November 17, 2020 Linguistics | Philosophy

PhD student Jeffrey Green, wearing a tie, standing in front of a whiteboard with three members of his dissertation committee,

Is the online comprehension of adjunct control any different from that of anaphora with audible pronouns?

Now out in Glossa, Processing adjunct control: Evidence on the use of structural information and prediction in reference resolution, from 2018 alum Jeff Green, with assists from philosophy student Mike McCourt and advisors Ellen Lau and Alexander Williams. The paper concerns the online comprehension of adjunct control, in sentences like "Minnie talked to Mickey before eating," where Minnie is the understood eater. Here the interpretive dependency is (arguably) dependent on syntax; but it is not exponed by an audible pronoun. In both respects this unlike the otherwise similar dependency in "Minnie talked to Mickey before she ate." Jeff asks how the two sorts of dependency compare in online processing. He finds that the adjunct control can be resolved just as quickly as the pronominal anaphora, but only when the control structure is very frequent. 


The comprehension of anaphoric relations may be guided not only by discourse, but also syntactic information. In the literature on online processing, however, the focus has been on audible pronouns and descriptions whose reference is resolved mainly on the former. This paper examines one relation that both lacks overt exponence, and relies almost exclusively on syntax for its resolution: adjunct control, or the dependency between the null subject of a non-finite adjunct and its antecedent in sentences such as Mickey talked to Minnie before ___ eating.

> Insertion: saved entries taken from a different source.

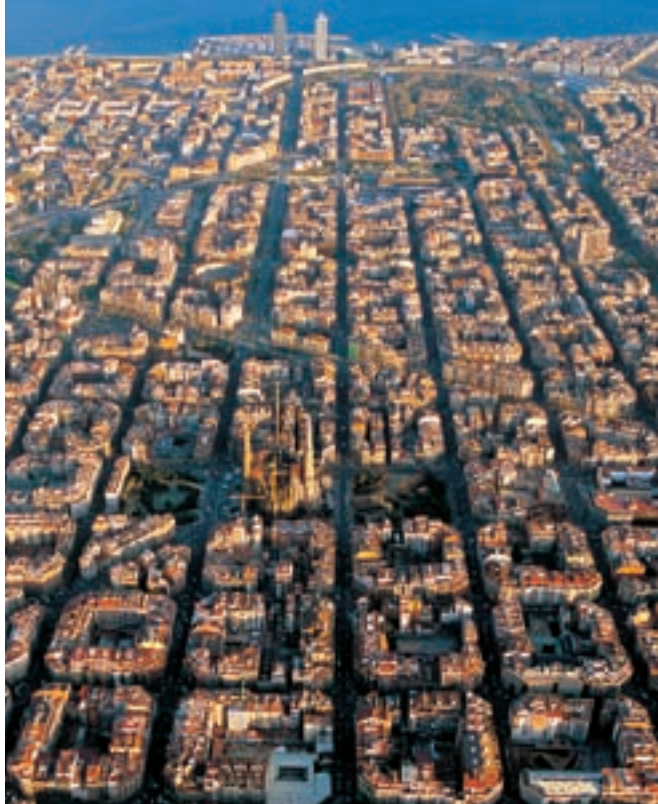
Panoràmica de l'Eixample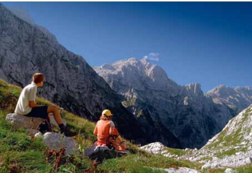
Kanjavec z Luknje

travnatem pobočju. Kmalu uzremo na skali skromen napis »Komar«, ki pokaže v desno. Sledimo stezici, ki prekorači potoček, nato pa se začne kar strmo dvigati proti kapelici v steni; do nje pridemo ob jeklenici, po stopnicah in skobah. Tu se začne resnejši del vzpona: ob jeklenicah plezamo desno po zelo strmem skalovju, po izpostavljenih policah navzgor do grape z značilnim zagozdenim balvanom. Skozi grapo se povzpnejo po klinih mimo balvana, malo naprej pa jo zapustimo v desno po ozki polici, zavarovani z jeklenico. Sledi strmo plezanje navzgor, nato pa levo po zelo izpostavljeni polici nazaj v grapo. Po njej ob varovalih še malo navzgor, nato pa jo zapustimo v levo po slikoviti, izpostavljeni polici, ki nas pripelje v manj strm svet, kjer se težave umirijo. Pot nekaj časa vijuga skozi ruševje in grmovje, višje pa preide na travnato skalnato pobočje tik pod stenami Kanjavca. Tu zavije v levo in se po skrotastem, delno zagruščenem pobočju priključi mulatjeri, ki smo jo zapustili v Zadnjici. Po njej se še slabo uro dvigamo do Koče na Doliču, 2151 m. Od kočice gremo za označbami proti zahodu, pot se strmo dviga po skalnatem svetu skozi neizravno dolinico. Višje zavije rahlo levo, svet je čedalje bolj razbit in zagruščen. Prečkamo manjše melišče, čez skalno zaporo splezamo s pomočjo jeklenice, kmalu zatem pa dosežemo prostorni in razgledni zahodni vrh Kanjavca, kjer je skrinjica z vpisno knjigo.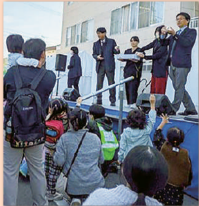
＊笑顔はじける餅まき

来場者からは、「子どもたちがとても楽しそうだった」「医療が身近に感じられた」など感想が多数寄せられました。 「健康フェスティバル」は、「地域とともに歩む病院であり続けたい」という岡山協立病院の理念を形にした取り組みでした。医療機関が日常では見えにくい役割や取り組みを外部に開くことで、安心感や信頼感につながるだけでなく、医療・健康・福祉をより身近に感じていただくきっかけとなりました。 多くの地域団体、提携店、協力企業、そして100人を超える学生ボランティアの皆さんに感謝します。 実行委員会 事務局 草地海翔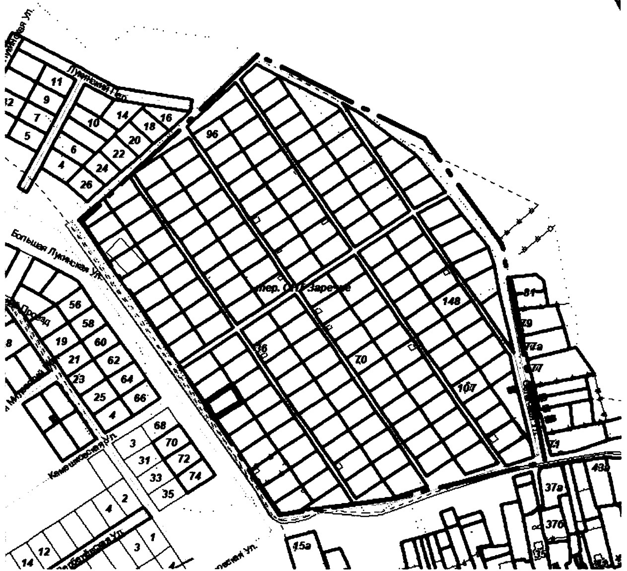
СХЕМА границ территории для проведения общественных обсуждений

Приложение к постановлению главы города от 25.06.2024 № 36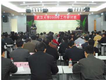
学校举办研讨班研究部...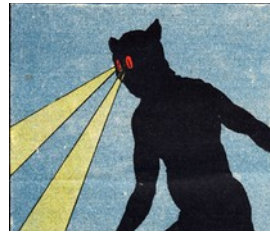
Fig. 4 Miramar Illustration d'E. Creté

Le dessinateur Raoul Serres montre le cambrioleur coiffé de la paire de lunettes opaques (fig. 2), mais aussi caché dans l'obscurité, avec pour seules trouées lumineuses ses pupilles blanches qui réfléchissent une source lumineuse voisine (fig. 3). Félix Jobbé-Duval pour Miramar de Guillaume Livet, montre les yeux écarquillés de l'homme-félin, pupilles rétrécies sur la couverture de 1913. E. Creté, quant à lui, réalise une curieuse illustration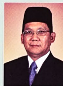
Yang Berhormat Pehin Orang Kaya Indera Pahlawan Dato Seri Setia Awang Haji Suyoi bin Haji Osman, MENTERI PEMBANGUNAN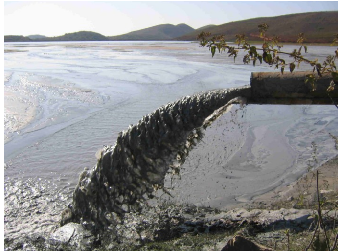
Bei der Bauxit-Gewinnung durch NALCO verschmutztes Wasser wird einfach in die Natur zurückgeleitet.

Nachdem also die Aluminium-Industrie in Kashipur keinen Erfolg fand, wickelte sie in den Distrikt Kalahandi aus. Im Jahr 2003 kündigte Sterlite India Ltd. die Eröffnung eines neuen Abbauprojekts und die Errichtung von Verarbeitungsstätten im Block Lanjigarh an. Dieses Gebiet grenzt direkt an den Block Kashipur. Das Bauxit soll im Tagebau auf den Niyamgiri Hills gewonnen werden. Dies sind jedoch die heiligen Berge der Kondh-Adivasis, ein Gebiet,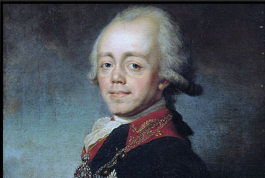
Павел I Петрович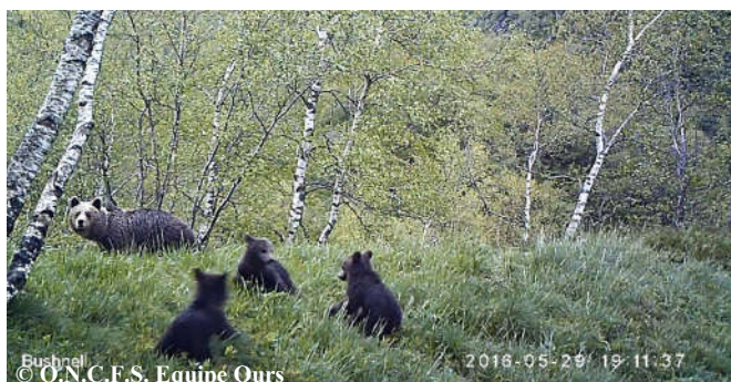
Photo extraite d'une vidéo automatique réalisée le 29 mai 2016 sur la commune de Bonac Irazein (09).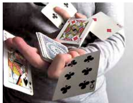
Magia saioa hilaren 22an izango da. SHANA

Astebete beranduago, ostera, familia osoari begirako filma proiektatuko dute Ander Deuna Kultur Aretoan, hilaren 30ean, barikua, hain zuzen ere. Oraindino zehazteko dago aurkeztuko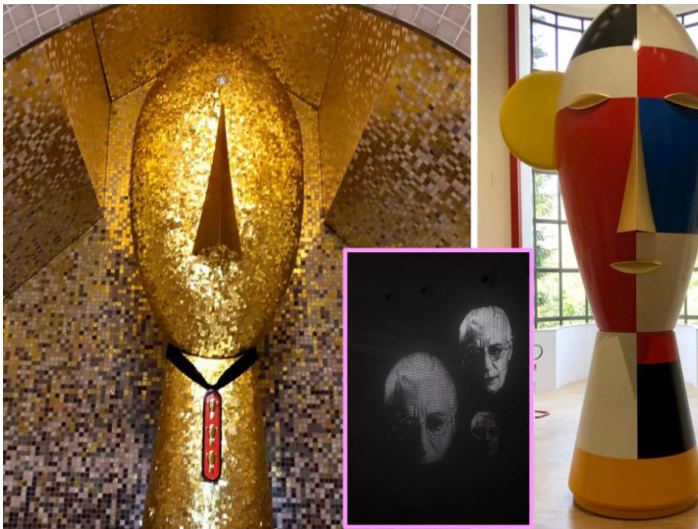
A sinistra: le Visage Arcaïque , all'interno della Petite Cathédrale (2002); a destra: la Tête Géante ; al centro fotogramma dell'istallazione che Philip Starck ha allestito nell' impluvium di Triennale.

Entrati nella mostra, ad accoglierci è un nucleo di sculture in formato fuori scala, rivestite da una preziosa livrea a mosaico con tessere in oro giallo 24K, tagliate e posate a mano. Si tratta di Giacca, Guanto, Scarpa , tutte create nel 1977 e facenti parte di una più ampia collezione dal titolo Mobili per uomo , realizzata in Limited Edition per Bisazza, “nate dalla riflessione dell'architetto secondo cui i pezzi rappresenterebbero simbolicamente quanto non può mancare in un essenziale guardaroba da uomo”, hanno scritto gli operatori di Bisazza. A quei pezzi storici, si aggiunge qui anche la scultura Stella del 2003.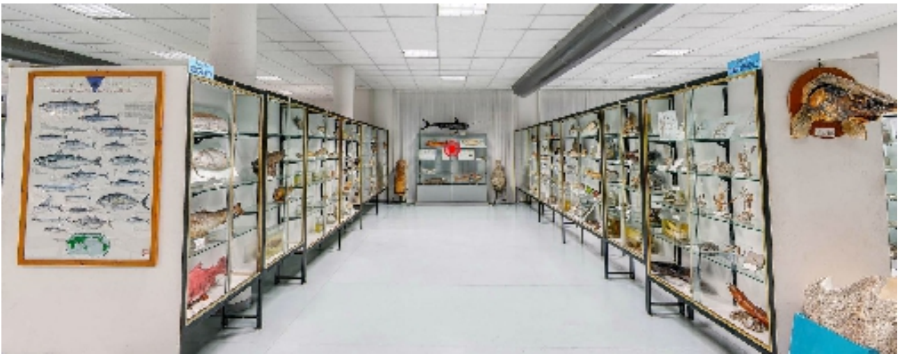
Corsia 2 – Lati A e B (vetrine e teche)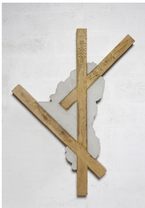
Benjamin Sabatier, Sans titre, 2015 137 x 99 x 8 cm, béton et bois

09 09 16 &gt; 29 10 16 / vernissage le vendredi 9 septembre à 18:00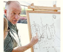
Amarger explicou o caso em desenho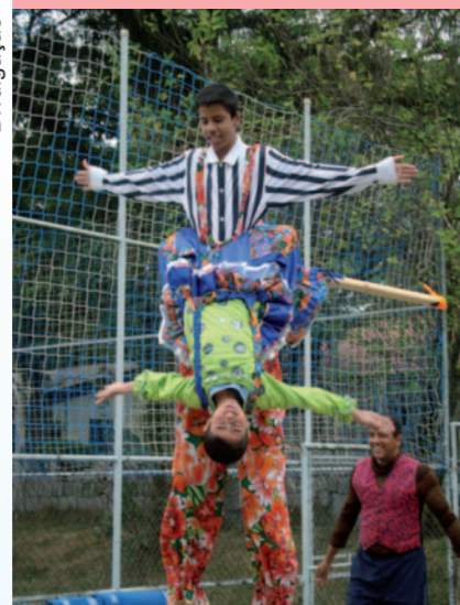
Alunos fazem espetáculo circense durante a Semana

A Unidade Eugênio de Melo serviu de palco, entre os dias 13 e 17 de junho, para a "Semana de Acesso à Cultura", um evento destinado a trazer os bairros do entorno da Unidade, como Galo Branco, Jd. Itapuã, Righi e outros para assistir diversas manifestações artísticas e culturais.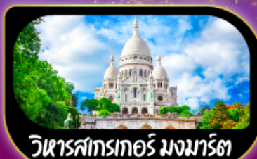
วิหารสากเรทอร์ มงมาร์ต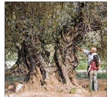
Mit „Der Olivenbaum“ werden Spenden für den Erhalt echter Bäume gesammelt.

Im Film versucht Alma den alten Olivenbaum ihres Großvaters von einem Energiekonzern wiederzubeschaffen.

Using visual-world eyetracking, we compare the timecourse of interpreting this null subject and overt pronouns (Mickey talked to Minnie before he ate). We show that when control structures are highly frequent, listeners are just as quick to resolve reference in either case. When control structures are less frequent, reference resolution based on structural information still occurs upon hearing the non-finite verb, but more slowly, especially when unaided by structural and referential predictions. This may be due to increased difficulty in recognizing that a referential dependency is necessary. These results indicate that in at least some contexts, referential expressions whose resolution depends on very different sources of information can be resolved approximately equally rapidly, and that the speed of interpretation is largely independent of whether or not the dependency is cued by an overt referring expression.